READ ROBBY FILEC’S COUNTERPOINT TO THIS COLUMN
When I was seven, my second grade teacher had a red, yellow, and green chart, and if you were on green for the entire week you got a prize from the prize bin. Of course this had its problems. There would always be the misbehaving kid that would never have an entire green week even if he or she tried, and there was the teacher’s pet that somehow always got a prize even if they didn’t really deserve it.
If this didn’t even fully work back then – kids still didn’t listen and people were still mean to one another – why are they bringing something so similar back now we’re in high school? Why are we giving out bulldog bucks?
Now before you get all angry at me for slamming down on something that gives you money or lets you get free lunches, trust me. I like that stuff as much as anyone, if not moreso. But think about the goal that is trying to be reached: students being kinder, better people to one another as well as the teachers and environment around them.
Is some blue piece of paper going to help with that?
I know for a fact that, even as you get older, your maturity doesn’t necessarily grow with your height. It actually seems to decrease if anything, but bringing something so elementary back into a place that promised to be the opposite isn’t going to solve that. I guess the idea of the Bulldog Buck is to suggest that doing the average is good, or even above and beyond expectations.
Since when have expectations been so low?

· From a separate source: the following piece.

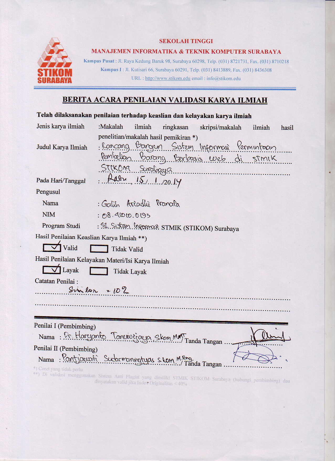 Rancang Bangun Sistem Informasi Permintaan Pembelian Barang Berbasis Web Di Stmik Stikom Surabaya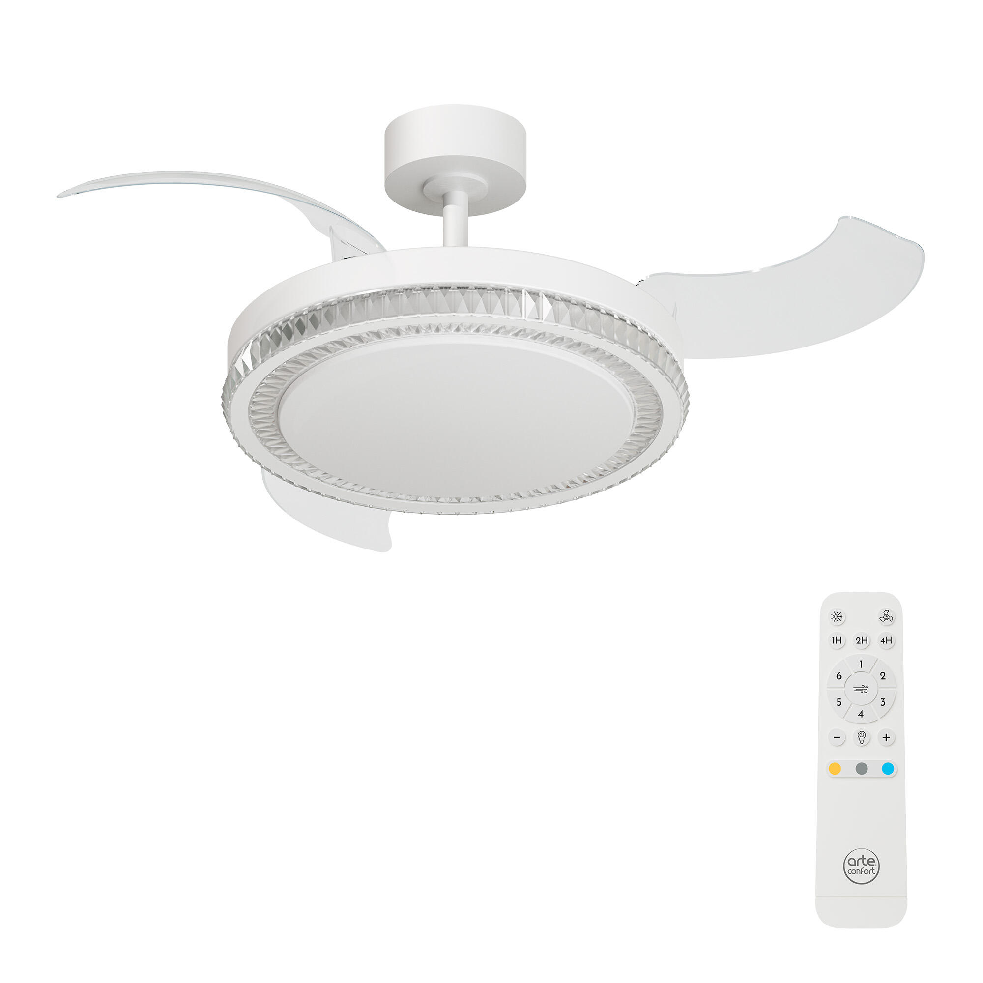 Ventilador de techo con luz EURIA M con 3 aspas retráctiles de plástico PC y cuerpo metálico de color blanco. Cuenta con temporizador(1/2/4h), variador de velocidad (6 velocidades) y función inversa verano/invierno, ya que invierte el giro de las palas y provoca una corriente contra el techo para modo invierno. Motor DC muy silencioso 30W, luz dimable LED 30W 3300Lm TªColor 3000/4000/6500K. Diametro cuerpo 48cm. Diametro aspas desplegadas 107cm. Altura regulable 34,3/47cm. Eficiencia energetica F. Este producto es reparable y tiene una garantía de 8 años en motor y 5 años para el resto de los componentes.

People get nothing for bringing animals to shelters, feeding the homeless, volunteering to help those in need. Those people seem to expect so little. Do I deserve anything for helping that kid pick up his books? Even if I don’t know him, it isn’t anything but common courtesy. Even if he hates me, it isn’t anything more than the right thing to do. Yet if I did happen to do that oh so generous action in front of a teacher that follows the Bulldog Bucks belief, I would get rewarded. The theory is that the next time, even when there isn’t a teacher around, I’ll be more likely to help because it is mere routine.
But is that realistic?
It was nothing more than coincidence that I made that decision last time. For all anyone knows, I could be stressed or just too selfish to help next time. We’re teenagers and not many of us truly think of others first. This is just a waste of paper. This isn’t possible or very likely, but couldn’t some kid just be doing this exceptional behavior because there is a teacher watching? Isn’t it kind of favoritism? Could I have one Bulldog Buck, but I ask a friend and they have seven. Are they actually a better person than me? Have they done more than me, or did they simply do more than me in front of someone with authority?
And what about the real ones? What about the person that is always kind to others and never thanked never appreciated. What if they are left in the dust and get nothing? What if that “popular” obnoxious guy who always stabs the back of your head with a pencil is the one that gets the Bulldog Buck? What if the teachers favor certain kids for some reason?
Ultimately what scares me more is not the fact that the school decided to put Bulldog Bucks into play; that’s their decision. It’s the fact that they believe that we, as young audlts, need them. We need them to stay in line or just be even better people. We should be good people without the need of praise.
Let’s not take away Bulldog Bucks, but be Bulldogs without the buck.